Transcribe the listing that follows in full, omitting pictures.

* INFORMATION SUPPLIED *
—————
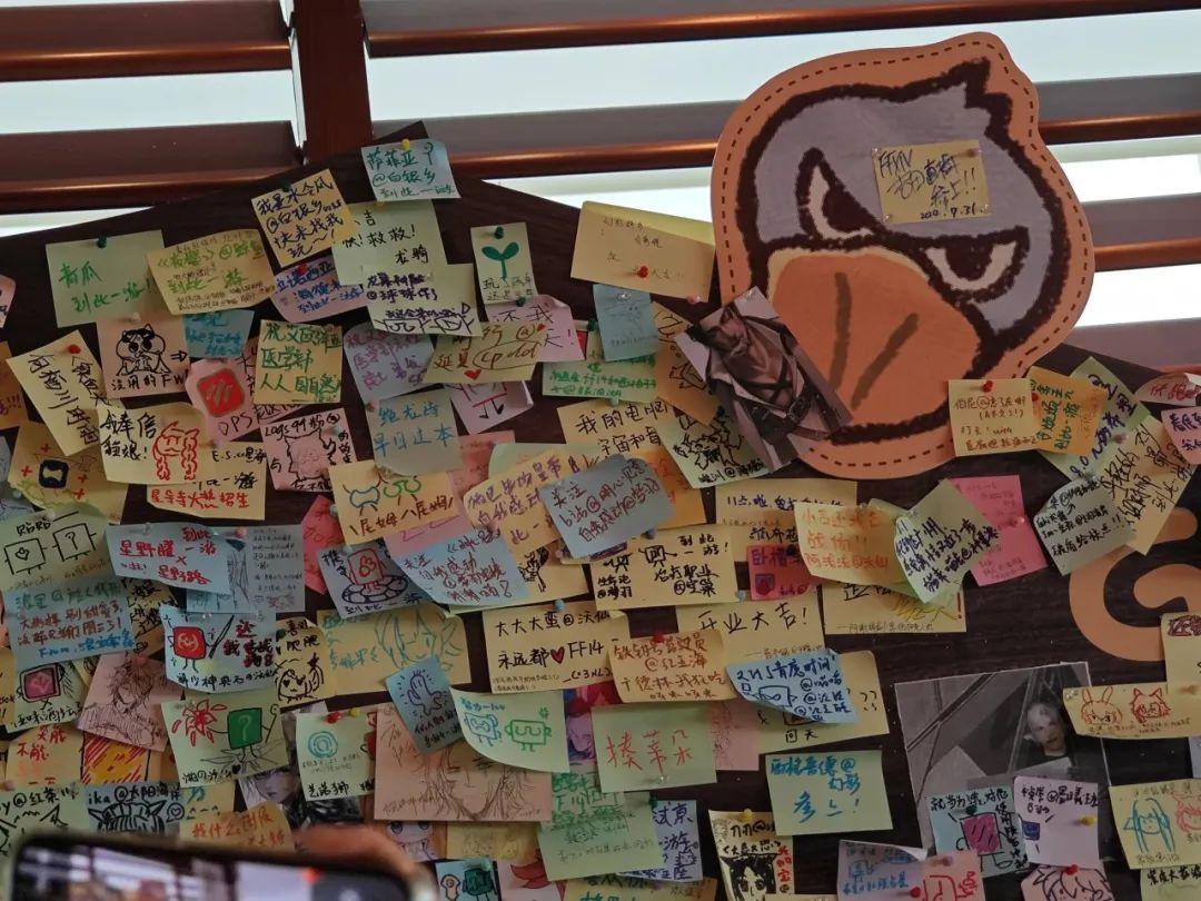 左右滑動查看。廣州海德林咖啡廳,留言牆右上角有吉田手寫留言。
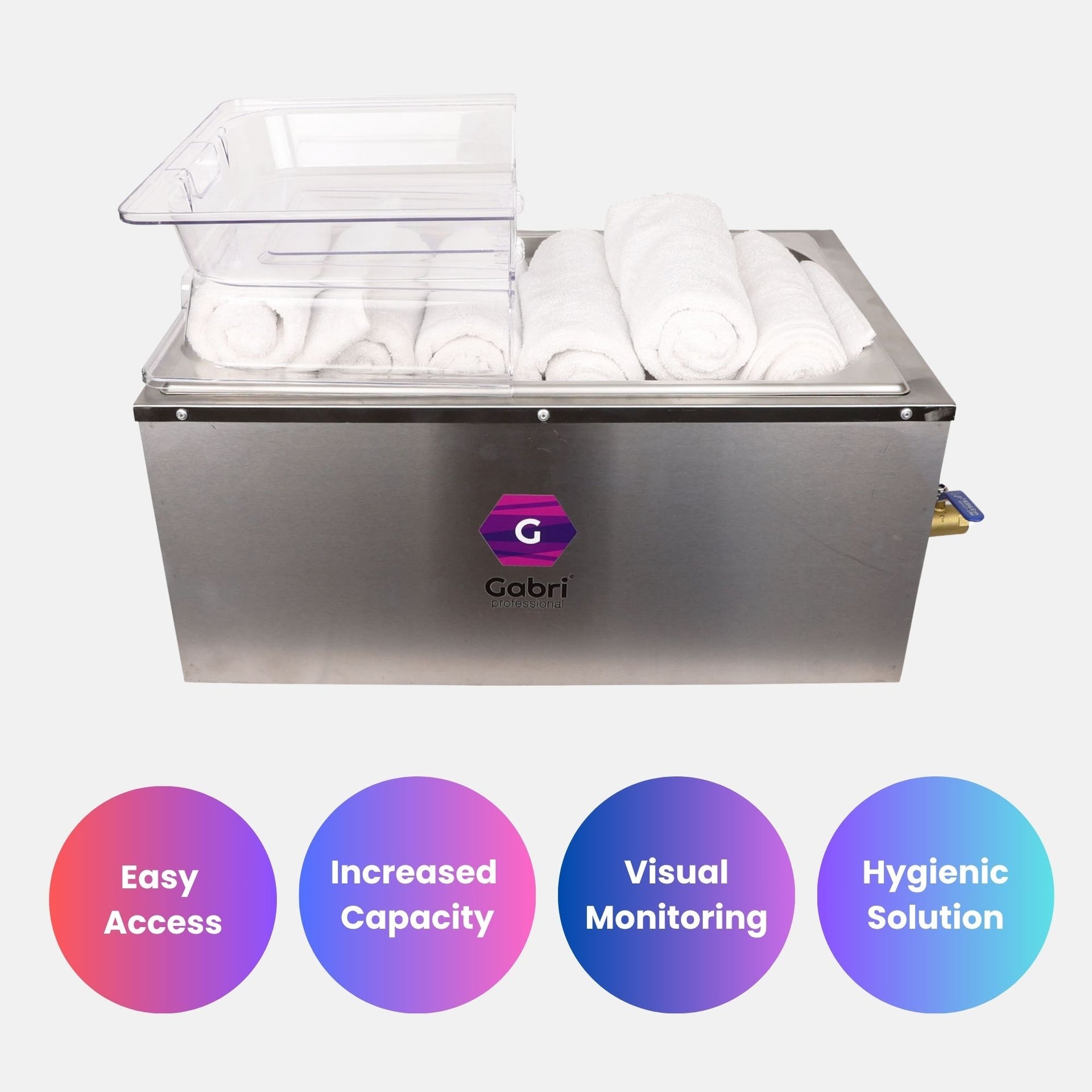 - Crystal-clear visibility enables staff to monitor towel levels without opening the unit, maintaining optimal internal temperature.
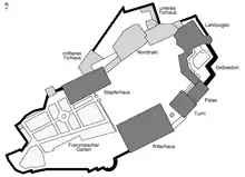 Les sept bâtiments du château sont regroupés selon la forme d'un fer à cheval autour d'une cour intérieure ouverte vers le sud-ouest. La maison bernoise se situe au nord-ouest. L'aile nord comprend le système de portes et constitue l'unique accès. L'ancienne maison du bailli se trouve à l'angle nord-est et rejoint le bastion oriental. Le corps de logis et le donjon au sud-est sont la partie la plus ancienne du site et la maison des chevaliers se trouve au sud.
—————
* WRITTEN ANSWER *
 左右滑動查看。廣州海德林咖啡廳,留言牆右上角有吉田手寫留言。
 - Crystal-clear visibility enables staff to monitor towel levels without opening the unit, maintaining optimal internal temperature.
 Les sept bâtiments du château sont regroupés selon la forme d'un fer à cheval autour d'une cour intérieure ouverte vers le sud-ouest. La maison bernoise se situe au nord-ouest. L'aile nord comprend le système de portes et constitue l'unique accès. L'ancienne maison du bailli se trouve à l'angle nord-est et rejoint le bastion oriental. Le corps de logis et le donjon au sud-est sont la partie la plus ancienne du site et la maison des chevaliers se trouve au sud.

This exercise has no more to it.